Environment :
I am using Pacemaker (pacemaker-1.1.19-8.el7_6.1.x86_64) and corosync(corosync-2.4.3-2.el7_5.1.x86_64) on Cent OS 7.5. Postgresql version is 9.3.21 I have Two node cluster with node names: failover1 and failover2. I have a Clone resource of Postgresql9. Below is the CIB for the same
pcs resource create Postgresql9 ocf:heartbeat:pgsql \
pgctl="/usr/pgsql-9.3/bin/pg_ctl" psql="/usr/pgsql-9.3/bin/psql" pgdata="/var/lib/pgsql/9.3/data/" start_opt="-p 5432" rep_mode="async" node_list="failover1 failover2" restore_command="" primary_conninfo_opt="keepalives_idle=60 keepalives_interval=5 keepalives_count=5" master_ip="10.10.17.165" restart_on_promote="true" \
op monitor interval="20s" role="Slave" timeout="100s" \
op monitor interval="10s" role="Master" timeout="100s" \
op start interval="0" timeout="250s" \
op promote interval="0" timeout="70s" \
op stop interval="0" timeout="70s" \
op demote interval="0" timeout="200s" \
op notify interval="0" timeout="200s" \
meta failure-timeout="2000s" \
meta migration-threshold="3"
pcs resource master mspostgres Postgresql9 master-max="1" master-node-max="1" clone-max="2" clone-node-max="1" notify="true" migration-threshold="3" target-role="Started"
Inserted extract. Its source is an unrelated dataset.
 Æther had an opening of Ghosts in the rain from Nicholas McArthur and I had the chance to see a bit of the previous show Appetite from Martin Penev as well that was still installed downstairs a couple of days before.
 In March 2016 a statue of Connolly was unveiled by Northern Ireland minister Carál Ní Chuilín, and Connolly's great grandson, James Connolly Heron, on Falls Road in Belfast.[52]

pcs constraint location mspostgres prefers failover1=90
pcs constraint location mspostgres prefers failover2=80
pcs constraint colocation add DBClusterIP with Master mspostgres score=INFINITY
pcs constraint order stop DBClusterIP then demote mspostgres kind=Optional symmetrical=false
pcs property set cluster-recheck-interval=5min
pcs property set stonith-enabled=false
pcs property set no-quorum-policy=ignore
pcs resource defaults migration-threshold=3
pcs property set placement-strategy=balanced
pcs property set stop-all-resources=false
pcs resource defaults failure-timeout=2000
pcs resource defaults resource-stickiness=100
pcs resource op defaults on-fail=restart
Issue : I am able to run this resource As master on failover1 and slave on failover2. When using pcs resource ban command to move master on failover2, I get the desired result. When I reboot the machine failover1, Failover2 becomes the master of resource Postgresql9, But when Failover1 machine is booted up, this resource becomes slave on both machines, and none becomes gets promoted.
Expected scenario : Ideally Booting up Failover1 should not impact the already running resource Postgresql9 Master.
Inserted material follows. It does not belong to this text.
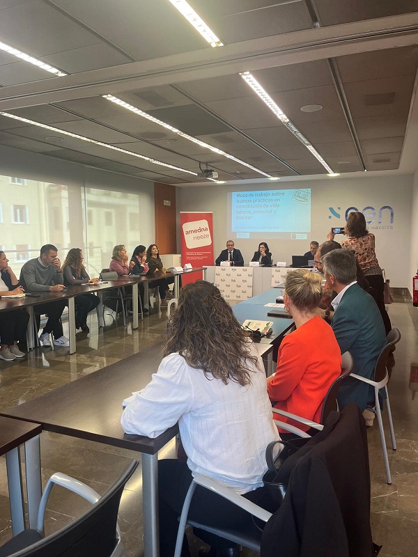 Este encuentro es una de las acciones que lleva a cabo anualmente AMEDNA junto al departamento de Departamento de Derechos Sociales, Economía Social y Empleo en el marco del proyecto del Sello Reconcilia. La mesa ha estado presidida por Iñaki Mendióroz, director general de Economía social y Trabajo, Cristina Sotro, presidenta de AMEDNA y Susana Labiano, su gerente quien ha expuesto el análisis de medidas de la red reconcilia y su incidencia atendiendo a los distintos tamaños y sectores y ha compartido las medidas de conciliación más innovadoras implantadas en las empresas. La exposición de buenas prácticas ha sido realizada por las empresas ANTOX y AGENOR MANTENIMIENTO quienes han compartido las "prácticas restaurativas" por parte de ANTOX, y la implantación del programa Factorial por parte de AGENOR.

Please help me understand the behavior of the cluster if the node comes back online.
It turns out that Postgres service was enabled from systemctl, hence when the server boots up systemctl start the Postgres service and because of this _monitor()
in resource Agent return $OCF_RUNNING_MASTER
and changes the status of Postgres-data-status
on other nodes.